Tenho uma amiga que gosta muito de ler autores de língua espanhola. De vez em quando, envia excertos que são pérolas, como o que hoje partilho. Como também ando a ler o livro, já sou fã do polícia Melchor Marin, que foi convidado a fazer um discurso, coisa a que não estava nada habituado!
Tenho pena é de não poder ler muito tempo seguido, porque há páginas cuja história não apetece mesmo nada interromper.

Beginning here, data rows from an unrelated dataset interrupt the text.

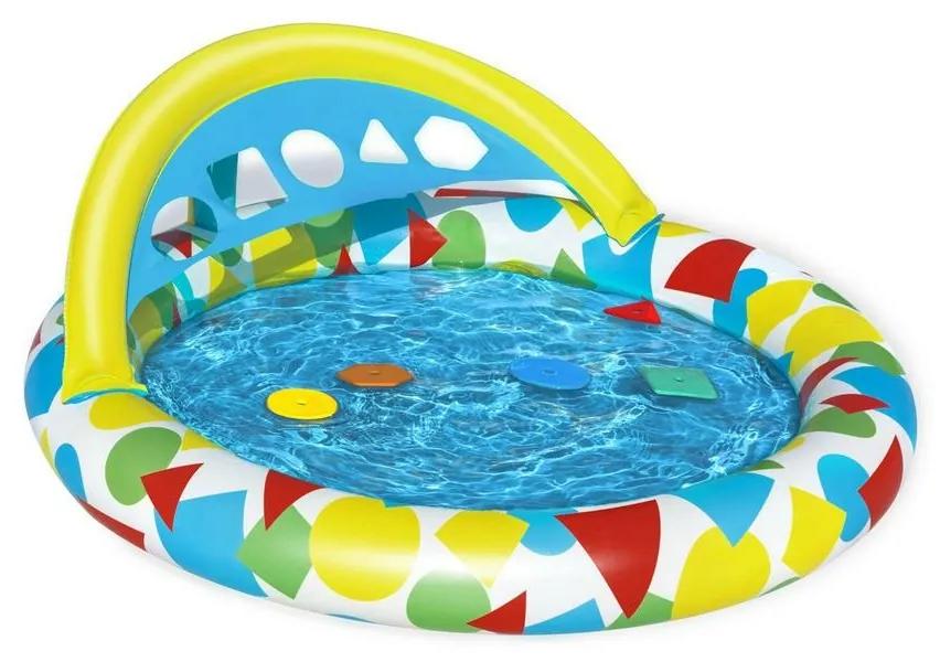 S týmto nafukovacím bazénikom si deti užijú množstvo zábavy a príjemného osvieženia. Súčasťou bazénika je 5 plastových farebných tvarov, ktoré deti vkladajú do otvorov. Táto hra zábavným spôsobom stimuluje učenie a predstavivosť, deti sa naučia poznávať základné tvary a farby. Zároveň podporuje aj rozvoj a zlepšenie koordinácie oko-ruka a rovnováhy.Súčasťou detského bazénika je podložka, ktorá môže byť naplnená vodou a deťom tak vznikne pohodlné miesto na hranie. Podložku je možné vybrať. Bazénik je možné použiť vo vnútorných aj vonkajších priestoroch.Balenie obsahuje: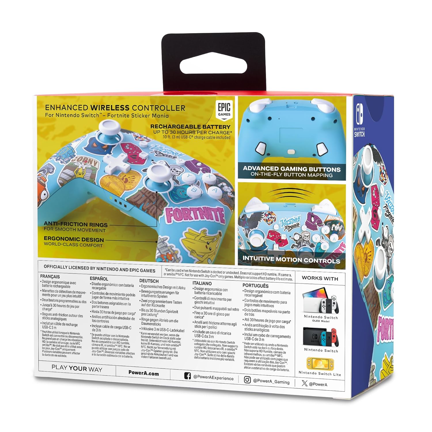 PowerA Enhanced Wireless Controller for Nintendo Switch/Switch 2 / Switch Lite/OLED Model - Fortnite Sticker Mania - Gamepad, game controller, Officially Licensed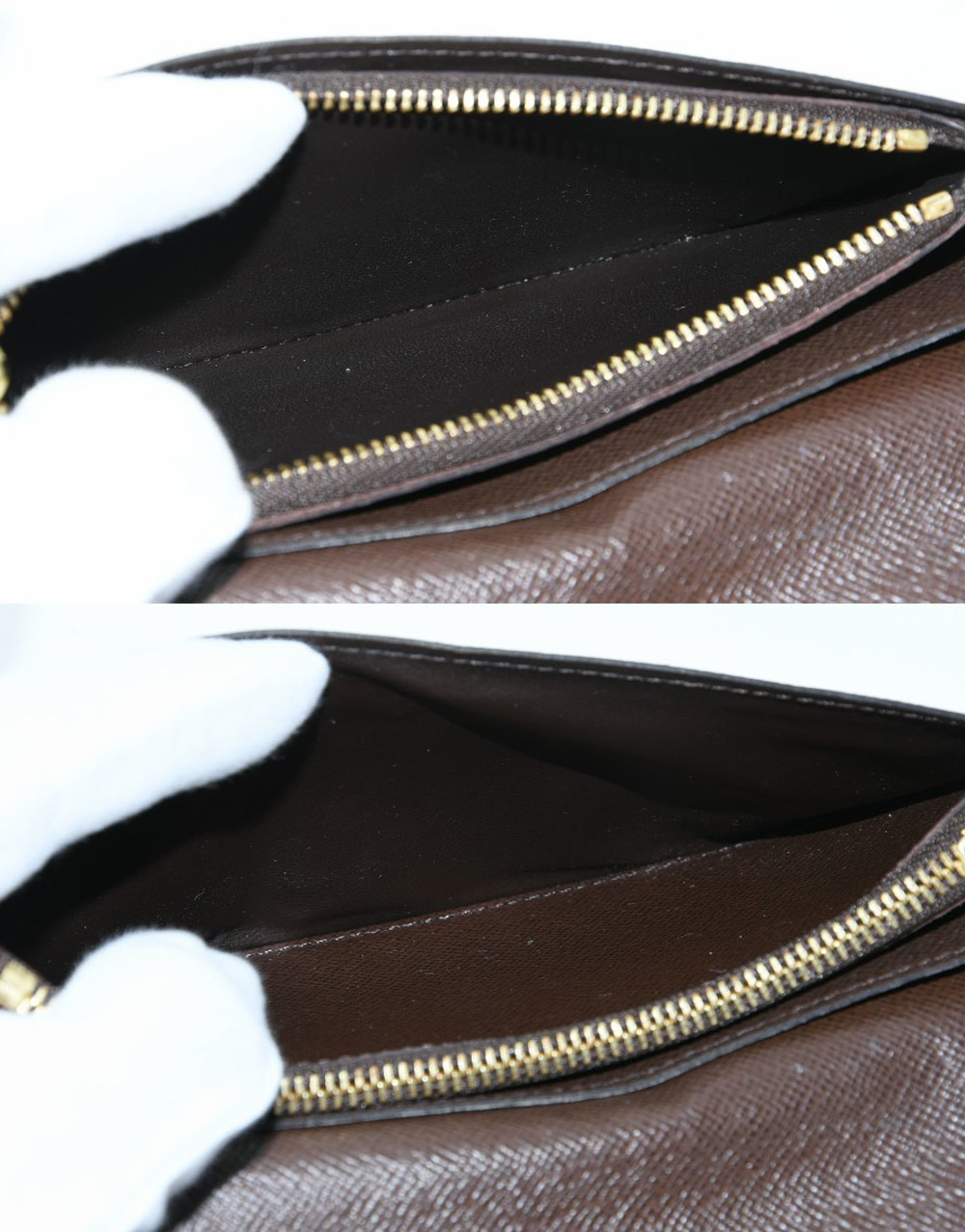 中古品の品物となります。ダミエ地に大きな傷、汚れ、シミ、シワ、型崩れなく綺麗な状態です。財布の四角にすり傷がございます。内部はカード入れ部分にくっきりとカードを入れた跡が残っています。小銭入れ内部は、使用に伴う汚れで、黒く汚れております。金具には小傷が付いております。柔軟剤の臭いと思われる石鹸臭が全体についております。鼻を近づけると匂います。全体的にクリーナーで清掃しております。写真や動画で程度を確認していただけます。

Obrigada, Idalina, por tão boas sugestões.
Oxalá gostem também.
"- Chamo-me Melchor Marín e sou polícia – apresenta-se. – Muitos de vocês já me conhecem. Fui jurado do prémio e por isso pediram-me que dissesse algumas palavras. Por isso e porque mais ninguém queria fazê-lo. – Melchor levanta um pouco os olhos na direção do auditório: quando preparava o discurso, pensou que seria bom começar com uma piada, para que os jovens se rissem; mas ninguém se riu. Talvez não tivesse graça ou ninguém o tenha ouvido. O alvoroço continua a ser considerável, mesmo que os professores percorram os corredores de cima a baixo tentando silenciá-lo. – E também porque gosto de ler romances – continua. – Isto não é muito comum, acho. O que quero dizer é que não é muito habitual os polícias lerem romances, certamente porque os meus colegas pensam que é mais útil e mais divertido ler sobre coisas reais do que sobre coisas inventadas. Talvez tenham razão e por isso percebo que alguns, às vezes, se riam de mim. Ao princípio, quando era mais novo, isso aborrecia-me; agora já não, porque me dei conta de que um homem que se aborrece porque os outros se riem dele não é um homem. – Melchor limpa a garganta, volta a olhar com apreensão para a plateia e repara que um silêncio quase perfeito se apoderou dela; por instantes pensa que aconteceu alguma coisa, ou que alguém importante acaba de irromper na sala. – Quando era miúdo não gostava de ler – prossegue. – Gostava de me armar em gandulo, como toda a gente. – Aqui ouvem-se alguns risos: coibidos, isolados, trocistas, inseguros. – Descobri os romances na cadeia, quando era mais ou menos como vocês, como os mais velhos de vocês, pelo menos, talvez um pouco mais velho. A cadeia é um lugar muito mau, não vos recomendo. – Agora a risota é geral, e, um pouco surpreendido, Melchor deixa de falar e aguarda que se faça silêncio novamente. Retoma a frase do princípio e termina-a: - Mas, às vezes, até num lugar tão mau acontecem coisas boas. Por exemplo, Cervantes teve a ideia para o Dom Quixote numa cadeia; bom, é o que dizem, eu não sei porque não li o Quixote. Se calhar fiz mal, ao fim e ao cabo toda a gente diz que é um romance muito bom. Mas, não sei porquê, sempre pensei que não me estava destinado, e outra coisa que aprendi com os anos é que uma pessoa só deve ler os romances que lhe estão destinados.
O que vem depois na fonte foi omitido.